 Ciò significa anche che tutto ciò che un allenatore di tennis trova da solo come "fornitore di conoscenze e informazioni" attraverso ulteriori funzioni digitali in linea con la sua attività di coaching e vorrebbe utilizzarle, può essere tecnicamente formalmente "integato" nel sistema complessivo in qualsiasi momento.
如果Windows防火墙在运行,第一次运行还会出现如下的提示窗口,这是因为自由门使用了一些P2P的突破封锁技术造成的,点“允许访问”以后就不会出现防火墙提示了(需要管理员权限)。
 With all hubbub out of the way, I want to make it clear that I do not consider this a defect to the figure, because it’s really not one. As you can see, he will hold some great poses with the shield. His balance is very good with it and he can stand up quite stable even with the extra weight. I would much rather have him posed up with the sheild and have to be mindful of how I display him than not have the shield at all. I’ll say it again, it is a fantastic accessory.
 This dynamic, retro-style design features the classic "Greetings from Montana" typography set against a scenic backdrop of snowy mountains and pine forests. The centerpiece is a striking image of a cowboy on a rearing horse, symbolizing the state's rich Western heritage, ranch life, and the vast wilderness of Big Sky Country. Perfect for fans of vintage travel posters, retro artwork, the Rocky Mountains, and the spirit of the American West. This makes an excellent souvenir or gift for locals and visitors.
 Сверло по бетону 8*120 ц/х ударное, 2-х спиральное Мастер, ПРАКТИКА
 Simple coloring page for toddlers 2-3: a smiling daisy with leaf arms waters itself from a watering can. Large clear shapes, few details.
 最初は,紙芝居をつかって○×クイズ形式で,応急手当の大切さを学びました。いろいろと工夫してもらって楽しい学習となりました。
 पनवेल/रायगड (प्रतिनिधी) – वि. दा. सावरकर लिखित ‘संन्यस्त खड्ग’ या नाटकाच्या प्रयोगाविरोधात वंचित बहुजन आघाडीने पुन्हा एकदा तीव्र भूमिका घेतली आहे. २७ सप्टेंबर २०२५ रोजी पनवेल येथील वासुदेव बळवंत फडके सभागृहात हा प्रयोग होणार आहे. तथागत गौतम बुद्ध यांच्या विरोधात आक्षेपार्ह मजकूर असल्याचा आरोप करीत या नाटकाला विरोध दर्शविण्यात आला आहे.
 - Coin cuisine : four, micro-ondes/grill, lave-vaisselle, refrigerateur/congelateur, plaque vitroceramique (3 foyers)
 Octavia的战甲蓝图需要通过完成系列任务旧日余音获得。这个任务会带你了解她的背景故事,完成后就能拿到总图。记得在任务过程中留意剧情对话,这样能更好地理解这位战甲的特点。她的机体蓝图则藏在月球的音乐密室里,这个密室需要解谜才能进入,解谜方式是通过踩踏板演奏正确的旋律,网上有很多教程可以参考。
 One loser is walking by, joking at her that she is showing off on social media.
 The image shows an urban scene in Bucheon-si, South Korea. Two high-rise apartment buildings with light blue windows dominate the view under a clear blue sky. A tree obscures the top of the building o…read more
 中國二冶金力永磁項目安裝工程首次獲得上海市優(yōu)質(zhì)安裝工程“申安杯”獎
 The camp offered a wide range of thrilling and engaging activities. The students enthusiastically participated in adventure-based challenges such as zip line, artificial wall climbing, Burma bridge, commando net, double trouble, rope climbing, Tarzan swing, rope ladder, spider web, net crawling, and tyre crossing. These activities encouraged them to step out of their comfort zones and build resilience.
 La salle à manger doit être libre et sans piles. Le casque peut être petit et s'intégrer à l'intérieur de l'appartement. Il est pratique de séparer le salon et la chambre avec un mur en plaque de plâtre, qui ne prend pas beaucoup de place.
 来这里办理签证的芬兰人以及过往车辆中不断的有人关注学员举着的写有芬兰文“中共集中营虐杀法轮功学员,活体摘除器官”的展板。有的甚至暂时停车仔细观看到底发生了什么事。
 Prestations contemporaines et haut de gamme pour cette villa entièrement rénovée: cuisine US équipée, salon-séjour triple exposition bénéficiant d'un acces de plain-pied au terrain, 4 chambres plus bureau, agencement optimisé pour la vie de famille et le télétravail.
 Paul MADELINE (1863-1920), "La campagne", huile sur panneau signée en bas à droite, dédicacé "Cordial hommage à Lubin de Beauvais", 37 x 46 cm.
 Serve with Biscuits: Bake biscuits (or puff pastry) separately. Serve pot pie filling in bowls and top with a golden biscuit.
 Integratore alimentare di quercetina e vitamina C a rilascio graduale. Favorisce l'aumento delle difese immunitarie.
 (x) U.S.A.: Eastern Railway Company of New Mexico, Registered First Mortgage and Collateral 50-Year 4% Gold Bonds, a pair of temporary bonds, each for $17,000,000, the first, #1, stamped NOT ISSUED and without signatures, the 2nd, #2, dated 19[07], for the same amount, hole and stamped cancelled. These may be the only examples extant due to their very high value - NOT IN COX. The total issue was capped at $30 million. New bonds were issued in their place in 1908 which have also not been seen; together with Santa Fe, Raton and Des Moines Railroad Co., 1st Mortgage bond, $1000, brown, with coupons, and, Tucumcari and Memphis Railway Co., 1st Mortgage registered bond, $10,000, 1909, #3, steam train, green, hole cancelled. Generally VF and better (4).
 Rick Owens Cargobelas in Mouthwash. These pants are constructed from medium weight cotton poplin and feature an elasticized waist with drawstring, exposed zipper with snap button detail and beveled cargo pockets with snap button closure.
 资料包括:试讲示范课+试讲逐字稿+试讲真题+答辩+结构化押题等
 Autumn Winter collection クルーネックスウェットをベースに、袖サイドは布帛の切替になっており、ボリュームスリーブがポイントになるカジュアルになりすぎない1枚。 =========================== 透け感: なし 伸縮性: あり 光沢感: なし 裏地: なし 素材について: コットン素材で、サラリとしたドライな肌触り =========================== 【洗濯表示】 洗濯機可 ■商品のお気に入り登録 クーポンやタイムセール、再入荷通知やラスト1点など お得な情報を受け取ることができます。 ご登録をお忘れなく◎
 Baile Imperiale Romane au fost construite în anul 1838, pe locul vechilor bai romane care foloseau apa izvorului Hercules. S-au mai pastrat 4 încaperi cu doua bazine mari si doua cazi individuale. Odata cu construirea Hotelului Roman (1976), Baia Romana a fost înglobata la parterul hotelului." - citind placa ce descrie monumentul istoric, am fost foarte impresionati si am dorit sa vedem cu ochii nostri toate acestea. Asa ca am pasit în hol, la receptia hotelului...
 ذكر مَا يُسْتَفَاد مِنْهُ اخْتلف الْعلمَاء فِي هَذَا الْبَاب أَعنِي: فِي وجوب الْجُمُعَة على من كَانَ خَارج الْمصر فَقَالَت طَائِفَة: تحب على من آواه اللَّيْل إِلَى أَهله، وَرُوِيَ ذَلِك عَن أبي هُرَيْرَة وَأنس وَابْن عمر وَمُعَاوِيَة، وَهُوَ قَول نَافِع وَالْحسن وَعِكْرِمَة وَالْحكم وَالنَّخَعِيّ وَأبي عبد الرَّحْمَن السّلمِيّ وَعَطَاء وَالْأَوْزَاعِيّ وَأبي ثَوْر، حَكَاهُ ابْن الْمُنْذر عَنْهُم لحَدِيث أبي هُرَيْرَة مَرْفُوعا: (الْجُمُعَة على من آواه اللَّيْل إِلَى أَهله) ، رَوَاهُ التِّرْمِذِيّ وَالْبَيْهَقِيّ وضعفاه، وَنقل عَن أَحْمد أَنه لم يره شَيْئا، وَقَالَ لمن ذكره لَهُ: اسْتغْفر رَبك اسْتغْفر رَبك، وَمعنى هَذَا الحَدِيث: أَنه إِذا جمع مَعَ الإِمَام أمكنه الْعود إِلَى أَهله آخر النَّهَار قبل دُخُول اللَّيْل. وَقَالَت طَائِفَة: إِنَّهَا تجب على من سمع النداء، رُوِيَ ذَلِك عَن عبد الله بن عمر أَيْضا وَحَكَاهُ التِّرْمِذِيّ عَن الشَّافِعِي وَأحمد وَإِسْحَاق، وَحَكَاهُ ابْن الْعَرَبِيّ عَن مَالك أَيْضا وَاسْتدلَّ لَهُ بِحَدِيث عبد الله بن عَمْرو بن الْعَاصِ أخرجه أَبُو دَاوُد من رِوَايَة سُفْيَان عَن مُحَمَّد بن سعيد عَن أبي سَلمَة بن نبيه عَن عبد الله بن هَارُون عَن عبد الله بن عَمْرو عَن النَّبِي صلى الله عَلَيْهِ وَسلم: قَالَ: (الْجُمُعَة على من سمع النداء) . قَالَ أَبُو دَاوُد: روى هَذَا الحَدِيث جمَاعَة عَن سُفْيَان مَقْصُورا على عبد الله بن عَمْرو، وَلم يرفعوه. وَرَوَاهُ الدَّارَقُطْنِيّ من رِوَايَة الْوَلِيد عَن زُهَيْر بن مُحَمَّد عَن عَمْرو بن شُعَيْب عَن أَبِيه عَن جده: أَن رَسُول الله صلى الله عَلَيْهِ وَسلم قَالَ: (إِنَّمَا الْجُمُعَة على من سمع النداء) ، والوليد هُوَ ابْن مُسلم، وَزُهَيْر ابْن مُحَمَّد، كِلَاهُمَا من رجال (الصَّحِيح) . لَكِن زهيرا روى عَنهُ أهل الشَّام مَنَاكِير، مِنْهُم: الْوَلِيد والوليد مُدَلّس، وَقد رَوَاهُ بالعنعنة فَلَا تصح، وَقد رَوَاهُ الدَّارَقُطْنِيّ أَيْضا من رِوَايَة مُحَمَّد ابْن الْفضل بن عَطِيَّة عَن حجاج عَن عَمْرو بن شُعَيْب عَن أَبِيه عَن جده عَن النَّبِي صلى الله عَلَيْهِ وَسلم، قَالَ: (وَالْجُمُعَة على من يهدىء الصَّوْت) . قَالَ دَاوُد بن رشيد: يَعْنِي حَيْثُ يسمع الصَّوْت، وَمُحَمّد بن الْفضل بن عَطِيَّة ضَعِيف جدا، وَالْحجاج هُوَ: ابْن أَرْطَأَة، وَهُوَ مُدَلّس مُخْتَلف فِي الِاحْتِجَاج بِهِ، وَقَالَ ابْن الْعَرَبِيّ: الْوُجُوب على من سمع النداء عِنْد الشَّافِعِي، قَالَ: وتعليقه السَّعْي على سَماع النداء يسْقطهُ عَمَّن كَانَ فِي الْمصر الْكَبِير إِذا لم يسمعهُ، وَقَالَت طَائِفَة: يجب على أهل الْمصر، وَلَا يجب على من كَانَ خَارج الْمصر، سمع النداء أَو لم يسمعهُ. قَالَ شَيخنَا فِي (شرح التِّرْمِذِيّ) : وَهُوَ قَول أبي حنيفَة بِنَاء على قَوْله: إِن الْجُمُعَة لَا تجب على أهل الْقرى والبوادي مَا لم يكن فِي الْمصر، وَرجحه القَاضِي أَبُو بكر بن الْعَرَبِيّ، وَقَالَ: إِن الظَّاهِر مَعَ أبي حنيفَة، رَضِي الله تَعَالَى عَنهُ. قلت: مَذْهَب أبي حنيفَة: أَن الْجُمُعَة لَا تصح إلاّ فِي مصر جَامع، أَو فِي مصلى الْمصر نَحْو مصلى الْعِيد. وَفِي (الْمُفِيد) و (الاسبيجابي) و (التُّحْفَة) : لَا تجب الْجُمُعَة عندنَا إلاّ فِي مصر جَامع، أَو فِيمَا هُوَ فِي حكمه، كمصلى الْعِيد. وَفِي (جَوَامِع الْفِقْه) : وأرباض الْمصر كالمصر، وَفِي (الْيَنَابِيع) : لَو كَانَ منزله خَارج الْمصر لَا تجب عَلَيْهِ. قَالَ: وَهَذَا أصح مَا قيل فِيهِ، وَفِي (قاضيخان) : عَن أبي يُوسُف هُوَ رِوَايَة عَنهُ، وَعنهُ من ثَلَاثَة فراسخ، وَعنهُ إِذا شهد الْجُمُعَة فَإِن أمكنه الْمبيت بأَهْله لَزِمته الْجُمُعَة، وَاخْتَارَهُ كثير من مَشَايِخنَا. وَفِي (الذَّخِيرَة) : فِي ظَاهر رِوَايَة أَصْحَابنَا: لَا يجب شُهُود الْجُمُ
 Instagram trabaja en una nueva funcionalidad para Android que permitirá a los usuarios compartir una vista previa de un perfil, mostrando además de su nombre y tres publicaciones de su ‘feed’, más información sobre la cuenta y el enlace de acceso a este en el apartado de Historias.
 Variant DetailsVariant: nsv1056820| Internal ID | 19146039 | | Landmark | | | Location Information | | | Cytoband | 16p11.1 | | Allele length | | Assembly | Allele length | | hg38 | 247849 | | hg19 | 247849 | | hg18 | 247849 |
=-=-=-=-=
What you should do
If a line of the data contains "very", it counts; report the number of such lines and nothing else.

Result
2